Visa requirements are easier than elsewhere in SE Asia. I have’t personally done it, but read you can stay in the country and extend a tourist visa repeatedly without having to leave. Much easier than somewhere like Thailand where you’re constantly in and out, getting new visa’s and hoping they let you back. Do your research if you plan to stay for a while, but it looks promising on that front.
Why The Philippines sucks for digital nomads
Alright so it’s a beautiful country you should visit, but if you’re intending to work while you’re there, you need to get some ducks in a row first.
The internet is bad. Like really bad.
I had to send 1 email on my birthday, and that was the only work commitment I had that day. I’d just arrived on Boracay, and wanted to get it out of the way so I could enjoy my day and go do fun stuff. It took me – no joke – 4 hours to find a wifi connection strong enough to let me send 1 email.
On. My. Birthday.
Even in Manila it is pretty bad in most places. They have wifi, it just doesn’t work. It’s too slow to do even basic online activities like email, and will be completely useless for calls, video, etc.
There’s 2 main phone service providers in The Philippines – SMART and GLOBE. I used GLOBE and that also completely sucked. I had coverage about 20% of the time, so I couldn’t even work from my phone, or use it as a hotspot.
I believe SMART is better (research in advance, don’t just grab whatever is first at the airport), but still not great; based on various accounts.
Connectivity is a real issue – it’s understandable when you look at the layout of the country, and the difficulty of building infrastructure across so many little islands. Indeed, it’s probably half the reason it is still so beautiful, but if you want to work, it’s a pain in the ass.
The final problem I found was a complete lack of coffee shops. They do not have a coffee culture like Thailand, Vietnam, etc. In Manila it was mostly Starbucks and Coffee Bean – always reliable chains that have decent set up for working, but who wants to spend every day in an American corporation? Even these spots didn’t have good internet usually.

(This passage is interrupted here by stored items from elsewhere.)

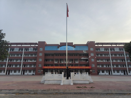 早晨6点40分,国旗护卫队迈着整齐有力的步伐,护送五星红旗走向升旗台。随着激昂的《义勇军进行曲》奏响,升旗手振臂一挥,鲜艳的五星红旗在朝阳的映照下冉冉升起,迎风飘扬。全体师生面向国旗行注目礼,高唱国歌,表达对伟大祖国的深深敬意和无限热爱。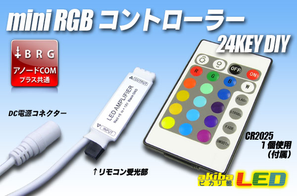 MINI RGBコントローラー24KEY 便利な24Keyリモコン付属のRGBコントローラーです。 RGBのテープLEDと組み合わせて、簡単に発光色をコントロールできます。 他のコントローラーのように細かい色の調整などはできませんが、 基本的コントロールに絞って大変お安くなっております。 ■セット内容: MINI RGBコントローラー本体×1台 1セット:630円 専用リモコン ×1個 動作確認用ボタン電池CR2025×1個 入力電圧: DC5V/12V/24V 定格電流: 3色×2A 寸 法: L48×W12×H5.5mm(約)(突起部含む・コード含まず) コード長: 電源コード 13cm(約) 接続方式: アノードコモン(プラスが共通) 極 性: +BRG ※写真中の電源・テープLEDは別売りとなります。 ■テープLED点灯には、電源、ACアダプター(別売)等が必要になります。 ご使用になるテープLEDの詳細ページを参考に電源をお選び下さい。 中国製 ■ご注意 ※入力電圧と接続製品の電圧は必ず同じ物をご利用ください。 ※テープLEDを接続、カットする際には必ず電源を切ってから作業して下さい。 ※簡易説明書付き。 ※コントローラー及びリモコンは防水ではありません。 コネクタ接続部は収縮チューブやシリコンテープ等で防水してください。 ※当社製品以外のテープLED等を接続された場合、保証対象外となります。 ※出荷前に点灯の確認を行いますが、 万が一不具合のある場合には到着後1週間以内にご連絡ください ※取り付け後の交換・返品には一切対応できません。 上記ご了承の上お買い求め下さい。 |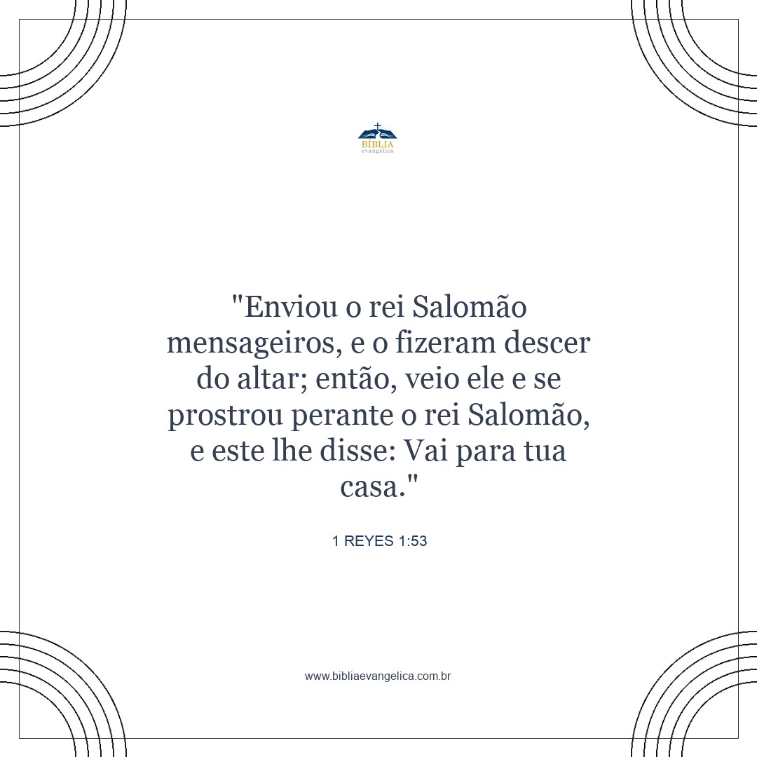 Então o rei enviou alguns soldados, e eles o fizeram descer do altar. E Adonias veio e se curvou solenemente perante o rei Salomão, que lhe disse: "Vá para casa".

Once you’re outside Manila, it’s very hard to find any coffee shop at all. If you like to work from coffee shops, as I do, you will be disappointed.

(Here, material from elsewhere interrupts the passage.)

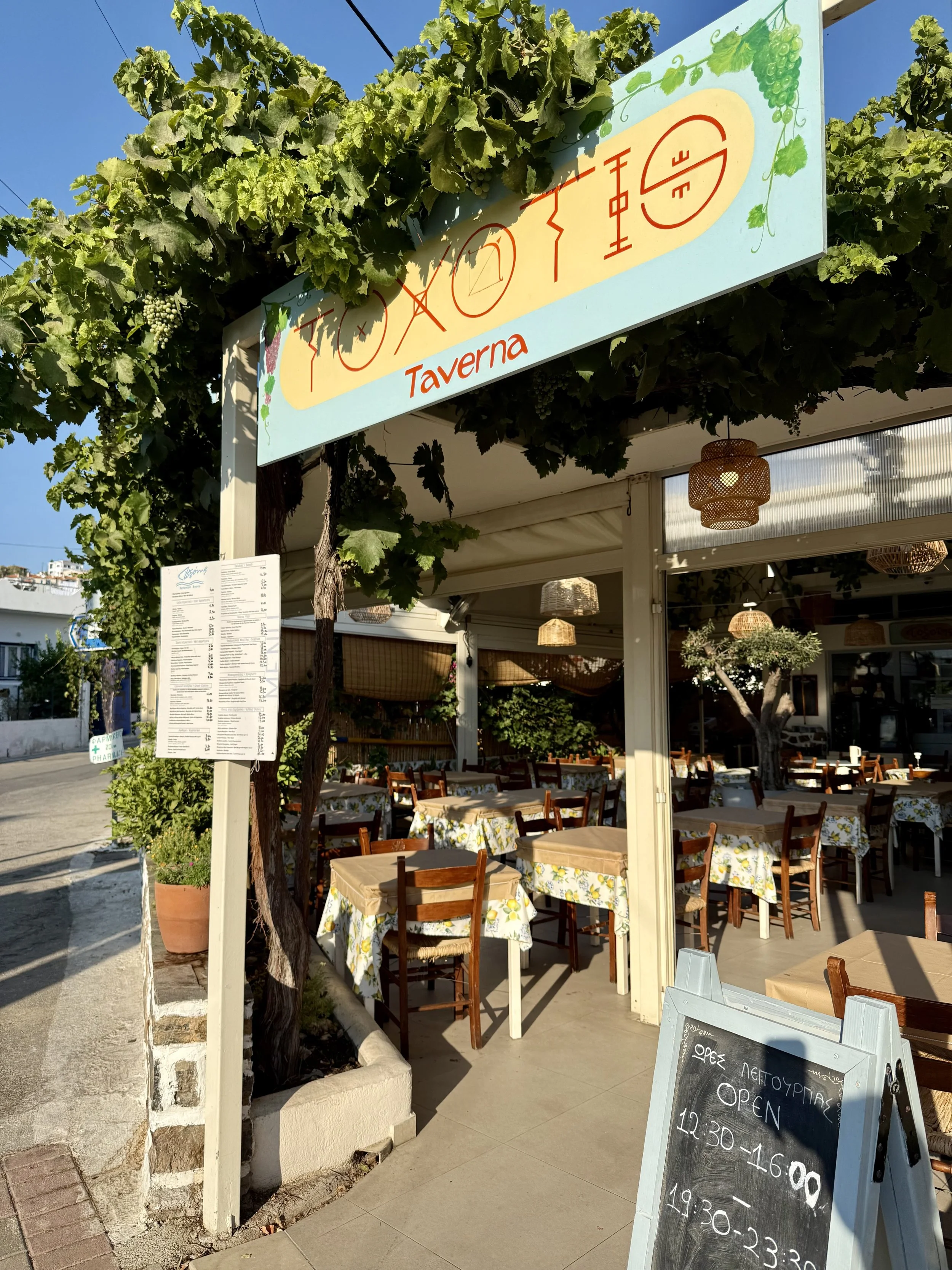 Ett underbart ställe en promenad från Skala, med magiskt utsikt. JÄttegod mat, personlig service och det här är också ett retreat för yogagrupper etc

How to make The Philippines work if you’re a digital nomad
I do still recommend visiting the Philippines, and I will go back one day. Just be prepared for the landscape and have things in place so it doesn’t cause endless frustration like it did for me.
If you go to a major city and get a proper apartment you will be all good. You can get your own wifi set up and it will work fine. That just means you have to stay put in one place, and cannot explore the islands. Still a good place to live, and good quality of life, so not the end of the world.
The other option is to plan to be offline for a while. It would be a great place to travel through while writing a book or doing something that doesn’t require you being online all the time.
The final option is just to plan a break from your business and enjoy the islands as a holiday. An incredibly beautiful place that is a must-see in my opinion.